Немец погладил свой сапог и стал повязывать поверх него утеплительную меховую повязку. Казалось, он не понял некоторых словечек, но вдруг довольно громко проворчал:
– Сандалий у меня нет, Петруха. Но вот когда-нибудь я тебя так «засапогарю» под зад, что смеху будет… Или правильнее сказать «запердолю»?
– Нет, – трясясь от смеха, возразил Василий. – Это уже из польского, полиглот ты наш!
Минут через пять вся процессия, сгибаясь под тяжестью трупов, покинула пещеру. Снаружи действительно дело близилось к рассвету, на небе виднелись лишь две луны. Впрочем, они все равно давали ненужное освещение. Благо еще, что легкие перистые облака несколько затемняли густые тени на горных склонах. Преодолели первый уступ, затем второй, и только там Василий передал свою ношу на плечи присевшей под тяжестью Сильвы.
Затем, чтобы не терзаться неведомо откуда появившимися угрызениями совести, он поспешил, не оборачиваясь, вниз. И успел как раз вовремя: хозяин пещеры появился в «гостиной» и с некоторой настороженностью рассматривал одиноко сидящую за столом женщину. Та обернулась на вошедшего товарища и пожала плечами:
– Предложила ему перекусить, а он встал там и замер. Может, что-то не так?
Василий накинул стопор на плиту и деловито протопал к месту завтрака. Следовало и самому подкрепиться, раз каши хватило, да еще и чуток останется. Но не сел сразу на скамью, а высокопарно воскликнул:
– Наше божество заставило нас встать пораньше и заняться делами насущными, а тебя приказало накормить силой, если ты слаб или болен.
Подействовало. Отшельник обозначил приветственный поклон и покорно уселся за стол. Тотчас перед ним оказалась наполненная Даной миска с аппетитно пахнущей кашей. Но прежде чем есть, хозяин пещеры все равно спросил:
– А куда все остальные ваши воины подевались?
– Наше божество мне послало этой ночью сон, где рассказало, как и где нам добыть мяса для нашего стола на ближайшую неделю.
– Его можно купить возле ворот в начале тракта…
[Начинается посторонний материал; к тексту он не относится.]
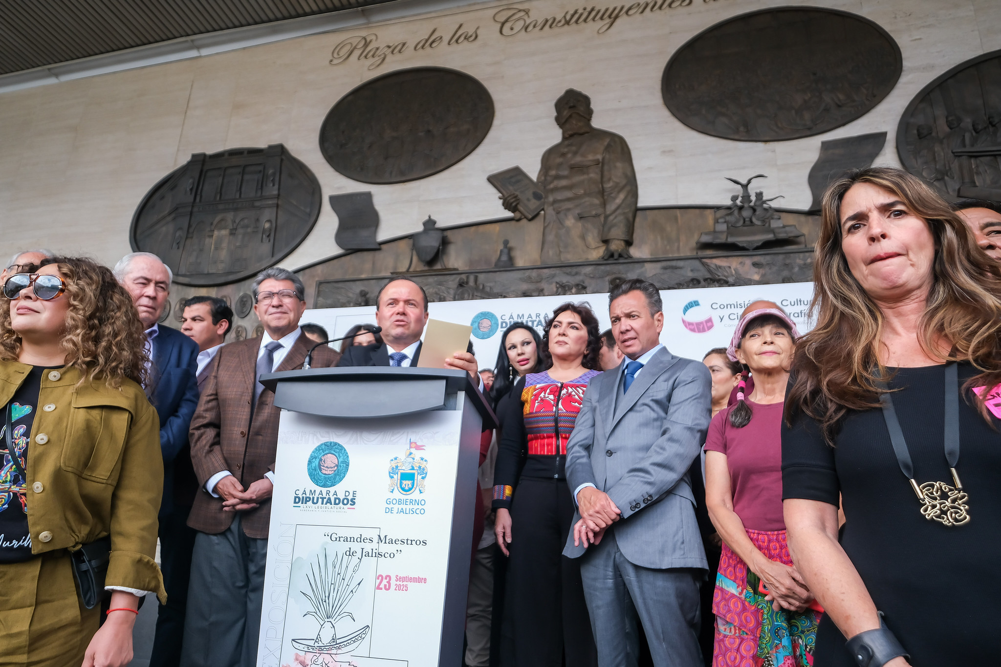 Con la presencia de legisladoras y legisladores federales de todas las fuerzas políticas, el gobernador de Jalisco, Pablo Lemus Navarro, encabezó la inauguración de la exposición Los Grandes Maestros de Jalisco en el Palacio Legislativo de San Lázaro al lado del líder parlamentario Ricardo Monreal.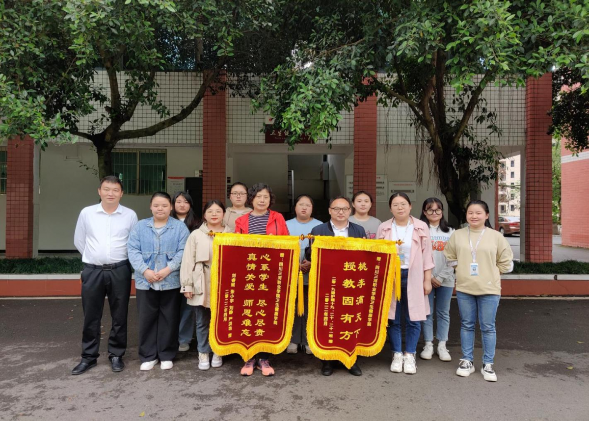 四川三河职业学院2022届毕业生代表向学校赠送锦旗

– Может, и так, но мы слушаемся только божественных указаний! – гнул свое Василий. – Поэтому мне приснились большие животные, живущие на вершинах по соседству, и громкий голос: «Вот ваша еда! Отправляй за ними охотников!» Так что ничего не оставалось делать, как послать. Ну вот сам скажи, разве можно противиться гремящему в твоей голове голосу?
– Нет, нельзя… Но эти животные называются гаерны. Их не достать стрелами, а порой они и сами прыгают вниз, забивая охотников насмерть своими копытами. Или тараня огромными рогами. Они очень злые и коварные.
– Увы! Сомневаться в данных нам приказах нельзя, – опечалился гость из другого мира. Хотя при этом он поймал обеспокоенный взгляд Даны. – Но любой наш охотник настолько ловок, что ему нет смысла подкрадываться к этим гаернам вплотную. Так что не беспокойся.
– А куда делись эти… – Он оглянулся в проход. – Палач и его подручные?
– Понятия не имею! Как мы тут решили, нашему божеству, скорее всего, пришлось перебросить в другое место немного телесной массы взамен вот этого. – Василий указал на кровать с раненым. – Вот он и прихватил трупы, пока мы спали. Потому что, сам посуди: не мог же палач с дружинниками ожить и сбежать?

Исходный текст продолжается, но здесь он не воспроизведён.